══ DATA FOR ANALYSIS
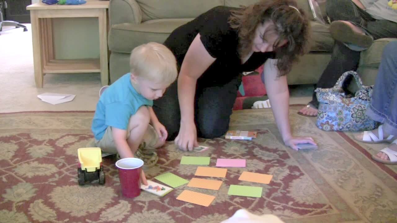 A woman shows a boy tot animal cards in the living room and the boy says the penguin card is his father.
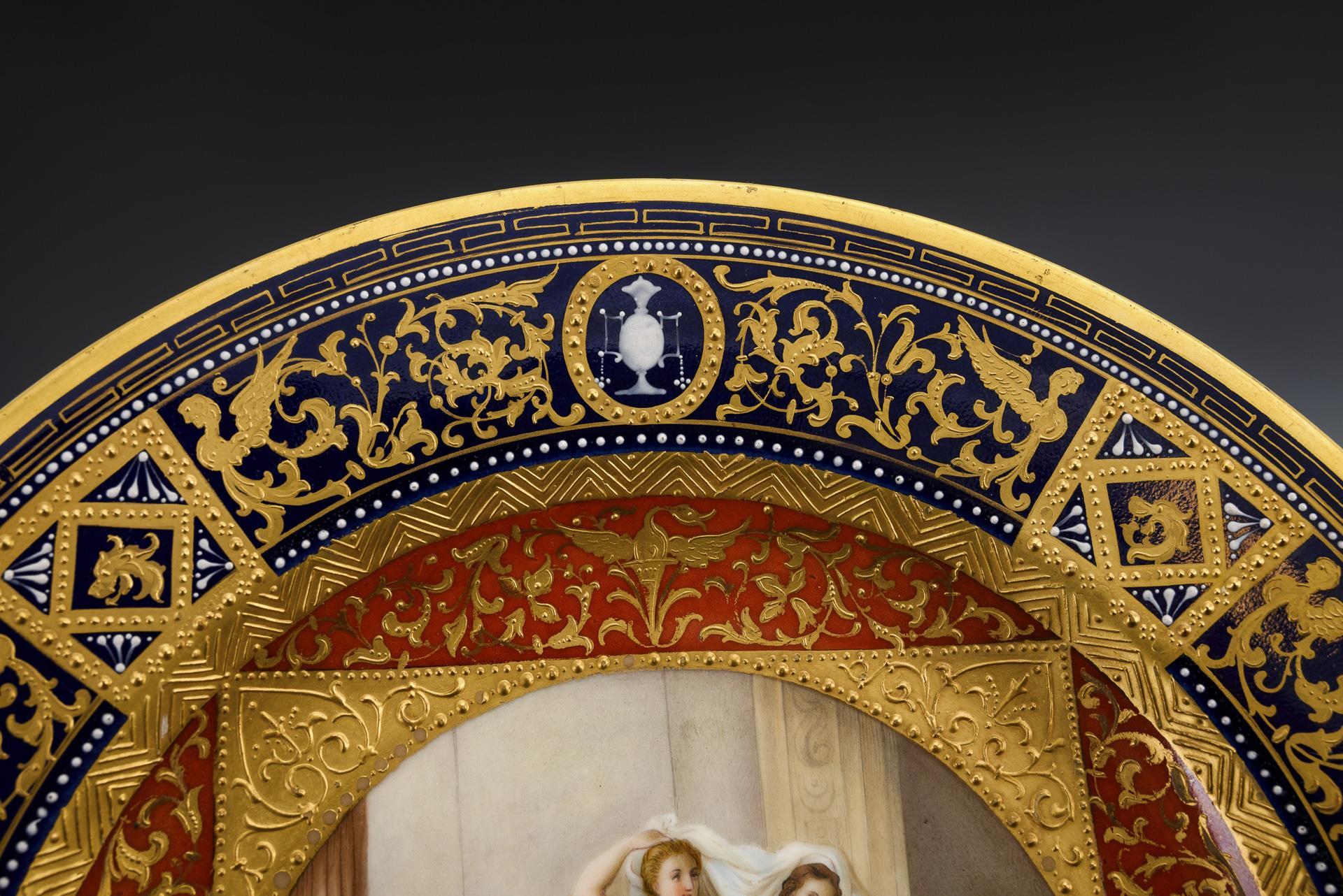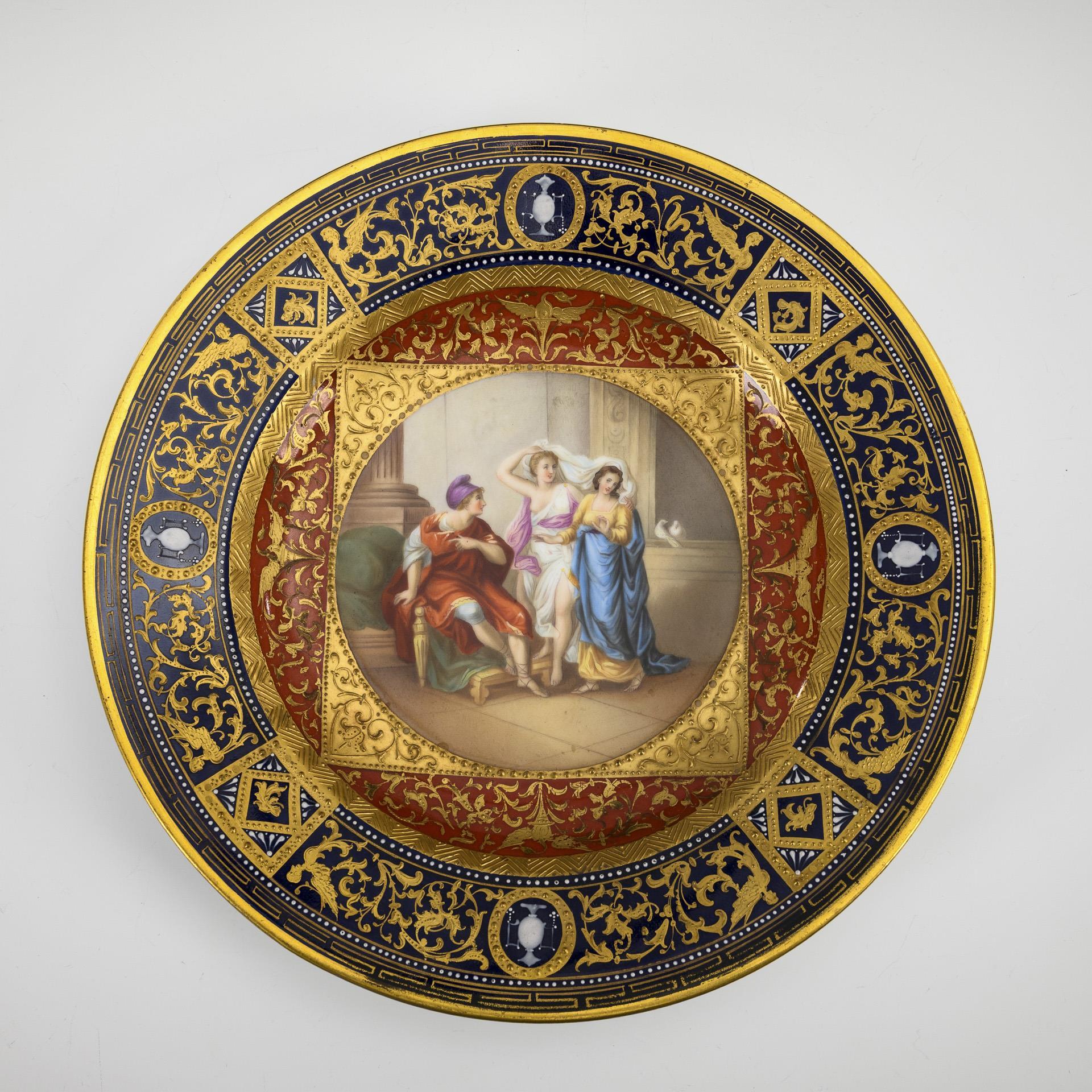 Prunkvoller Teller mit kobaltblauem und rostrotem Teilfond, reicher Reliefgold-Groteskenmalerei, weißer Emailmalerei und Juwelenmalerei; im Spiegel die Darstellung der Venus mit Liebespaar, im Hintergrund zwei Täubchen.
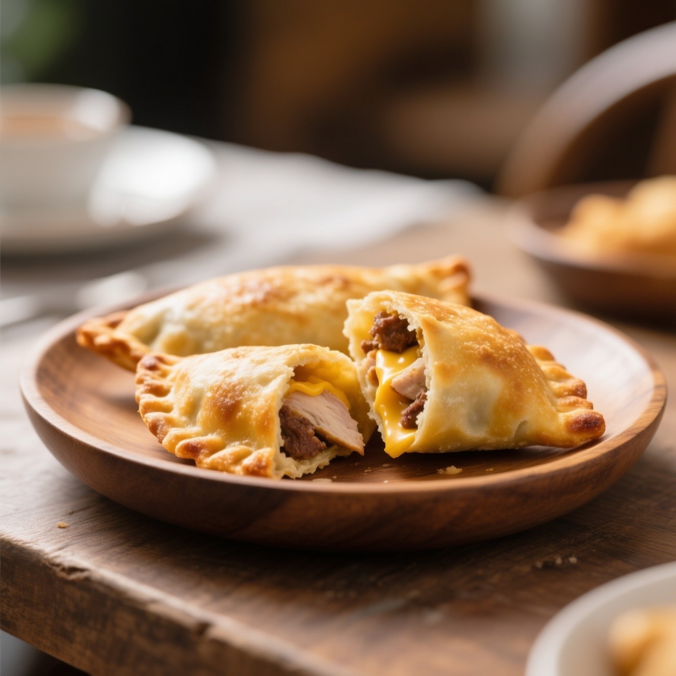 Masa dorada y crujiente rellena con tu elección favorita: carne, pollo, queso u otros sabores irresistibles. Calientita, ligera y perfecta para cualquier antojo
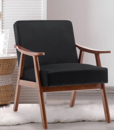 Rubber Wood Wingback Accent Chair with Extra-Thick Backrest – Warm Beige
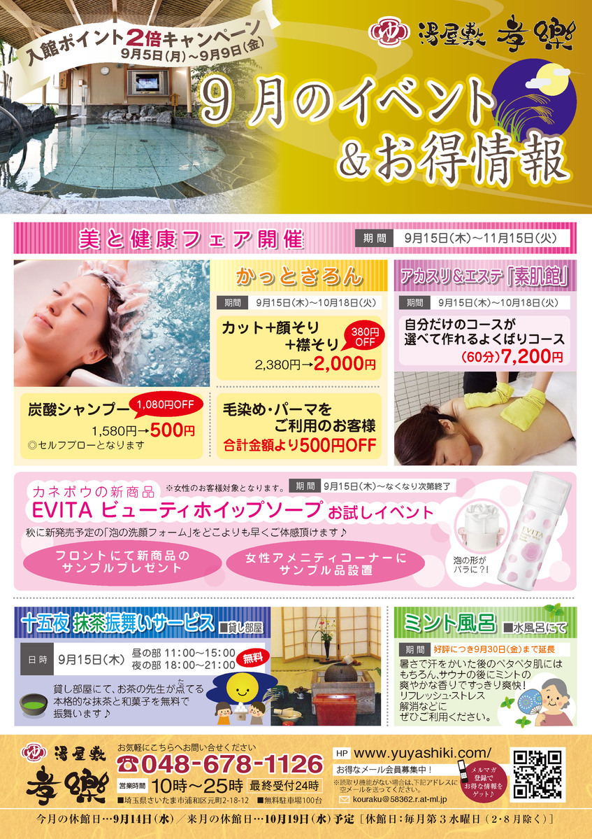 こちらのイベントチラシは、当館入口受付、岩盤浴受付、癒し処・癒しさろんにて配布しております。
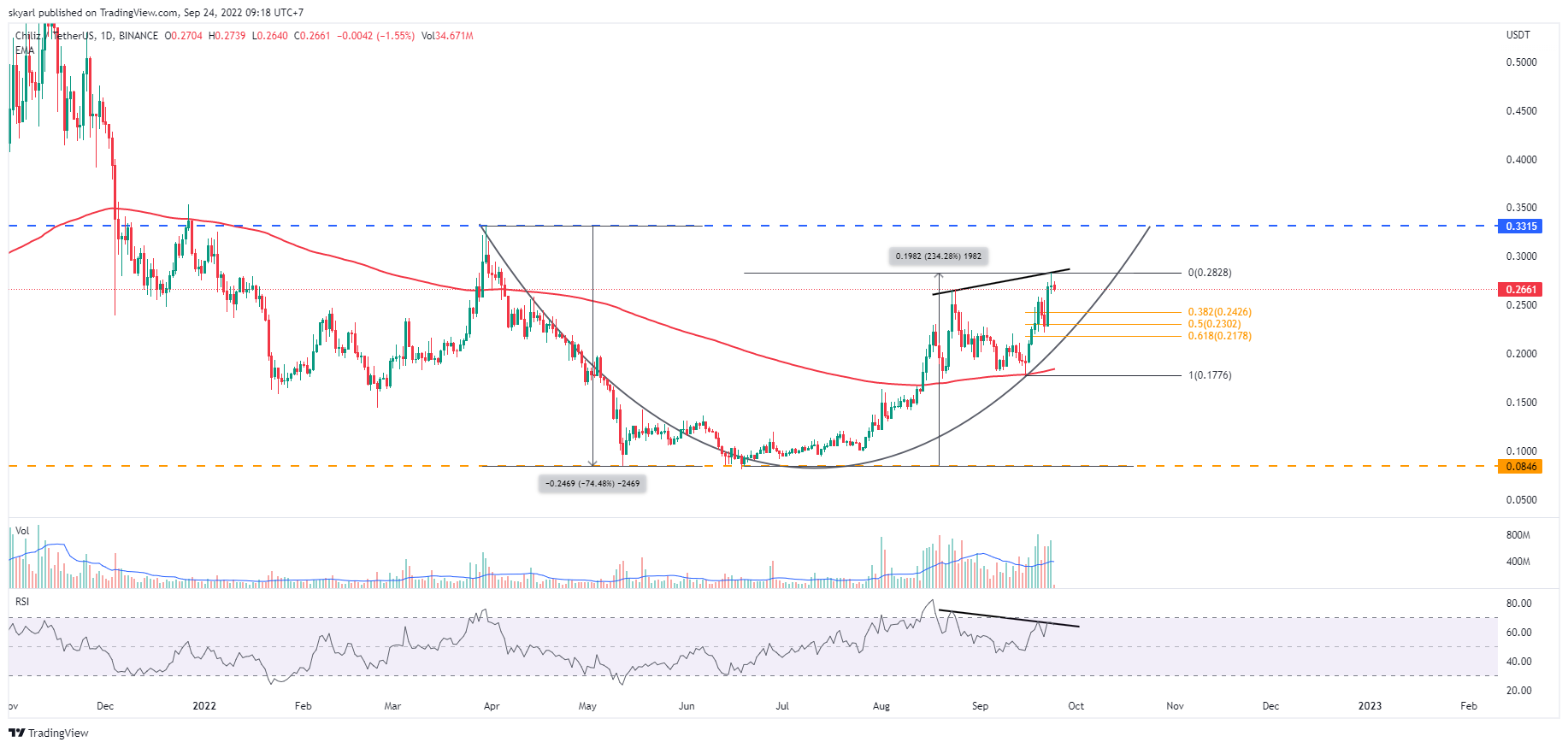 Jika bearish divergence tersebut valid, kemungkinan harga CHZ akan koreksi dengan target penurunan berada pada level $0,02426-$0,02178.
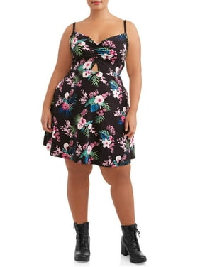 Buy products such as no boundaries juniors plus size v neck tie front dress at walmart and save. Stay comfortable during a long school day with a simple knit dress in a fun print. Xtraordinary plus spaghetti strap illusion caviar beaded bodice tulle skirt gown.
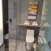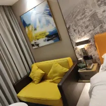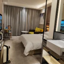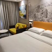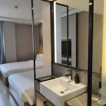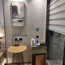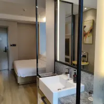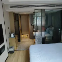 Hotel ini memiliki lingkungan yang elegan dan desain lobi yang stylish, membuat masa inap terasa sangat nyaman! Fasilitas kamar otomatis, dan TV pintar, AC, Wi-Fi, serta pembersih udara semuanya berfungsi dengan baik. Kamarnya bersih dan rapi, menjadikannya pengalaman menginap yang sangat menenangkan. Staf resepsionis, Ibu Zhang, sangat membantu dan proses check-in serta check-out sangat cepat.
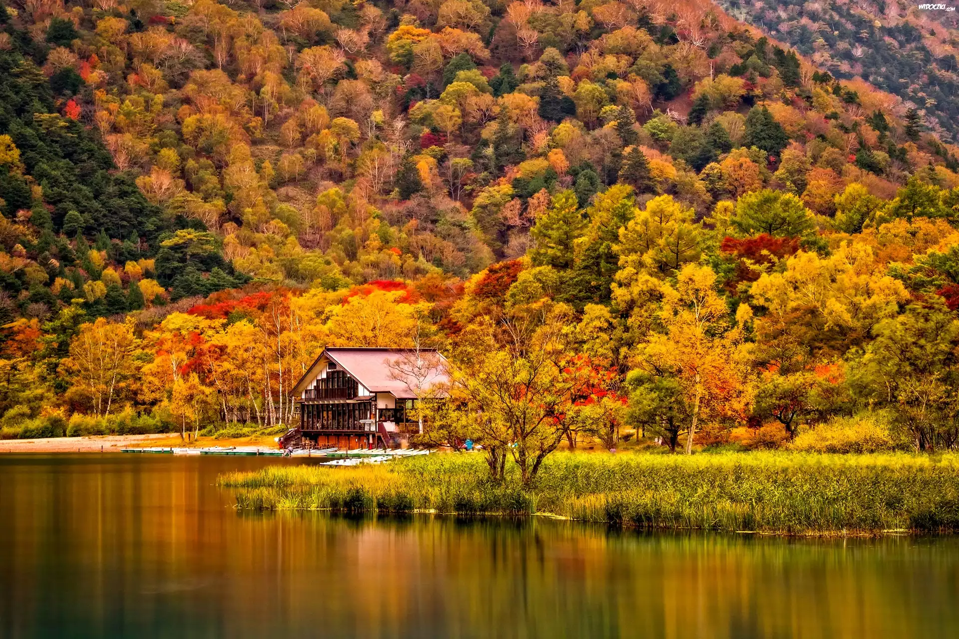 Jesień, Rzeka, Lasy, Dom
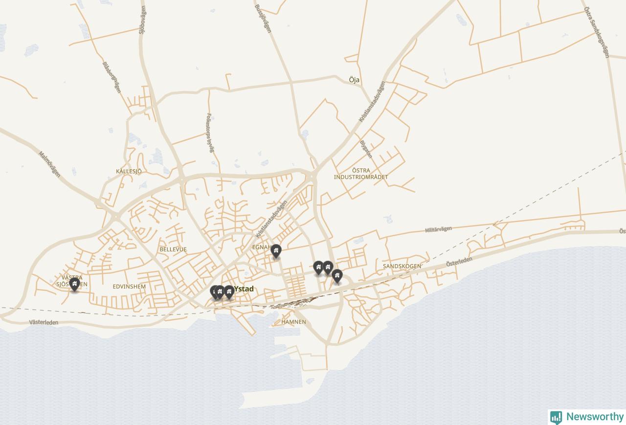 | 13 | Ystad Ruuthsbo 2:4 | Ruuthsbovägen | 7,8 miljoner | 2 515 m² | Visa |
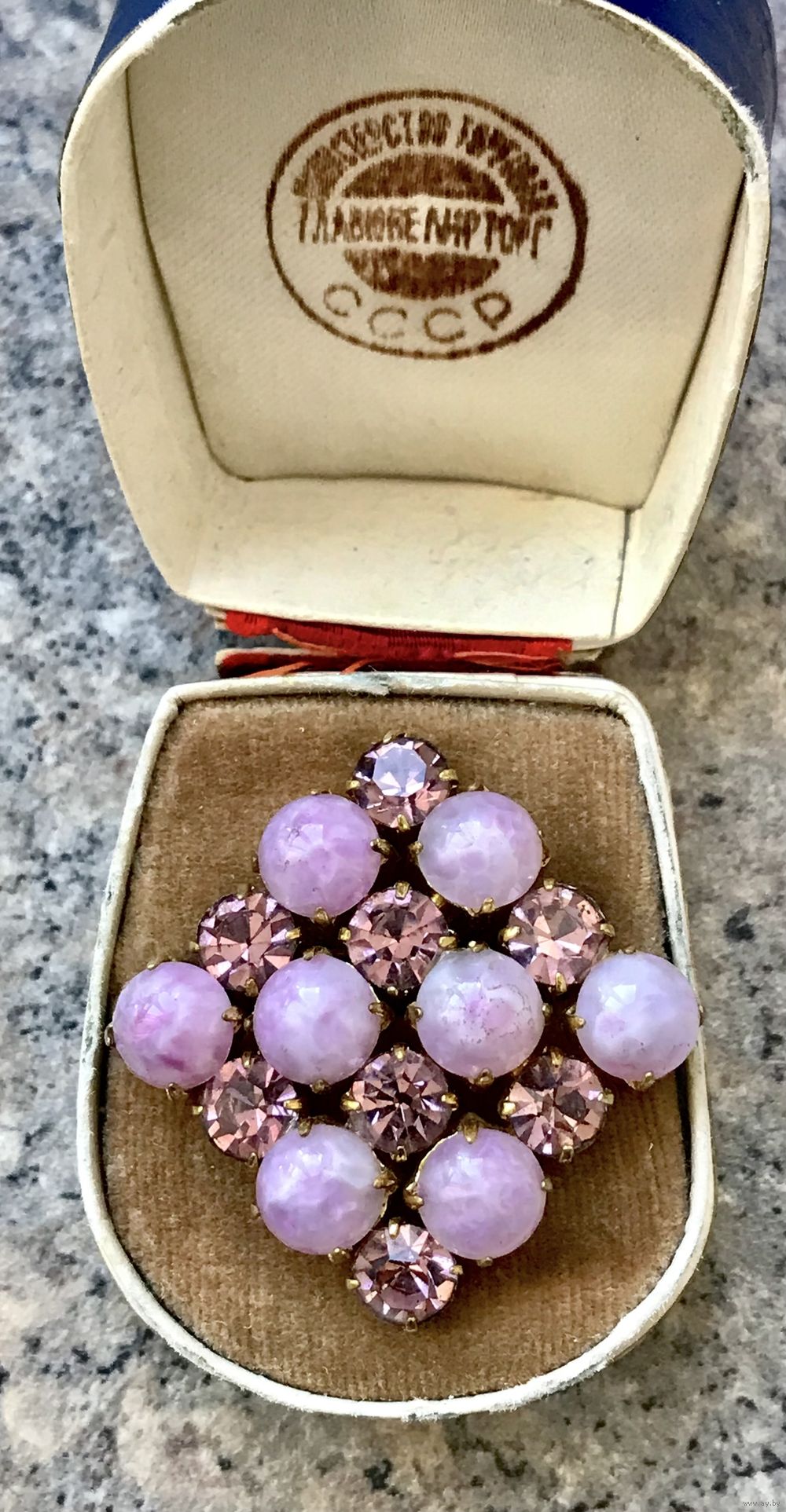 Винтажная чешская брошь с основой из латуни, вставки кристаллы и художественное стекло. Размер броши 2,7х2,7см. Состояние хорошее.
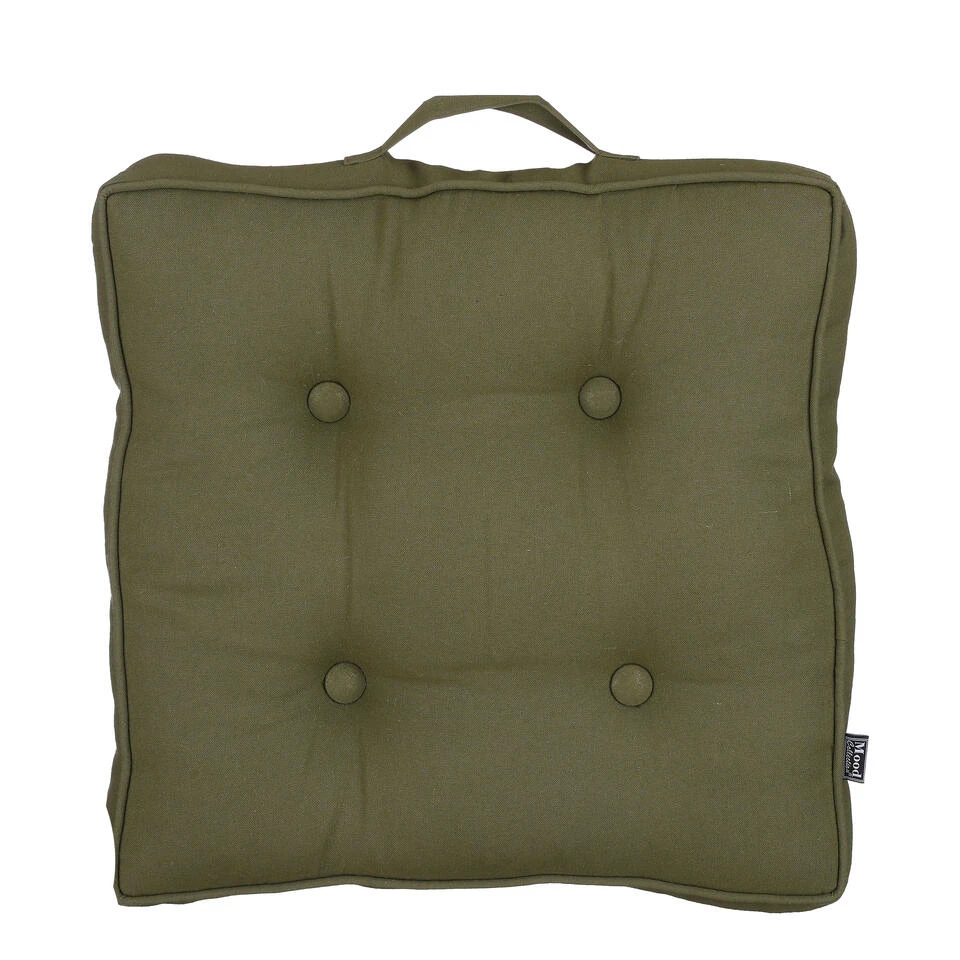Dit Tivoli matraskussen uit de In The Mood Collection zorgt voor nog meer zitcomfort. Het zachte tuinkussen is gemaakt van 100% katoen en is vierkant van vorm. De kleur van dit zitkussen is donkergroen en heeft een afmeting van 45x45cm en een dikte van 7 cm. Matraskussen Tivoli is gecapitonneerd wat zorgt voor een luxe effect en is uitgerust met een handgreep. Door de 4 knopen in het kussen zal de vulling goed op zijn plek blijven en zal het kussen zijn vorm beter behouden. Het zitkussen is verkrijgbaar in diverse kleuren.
════
* **TASK BRIEF**
Retype only the lines above from the one with "m² | Visa |" through the one with "Винтажная чешская брошь", exactly and with both ends. Images stay out.

* **RESPONSE TO THE EXERCISE**
 | 13 | Ystad Ruuthsbo 2:4 | Ruuthsbovägen | 7,8 miljoner | 2 515 m² | Visa |
 Винтажная чешская брошь с основой из латуни, вставки кристаллы и художественное стекло. Размер броши 2,7х2,7см. Состояние хорошее.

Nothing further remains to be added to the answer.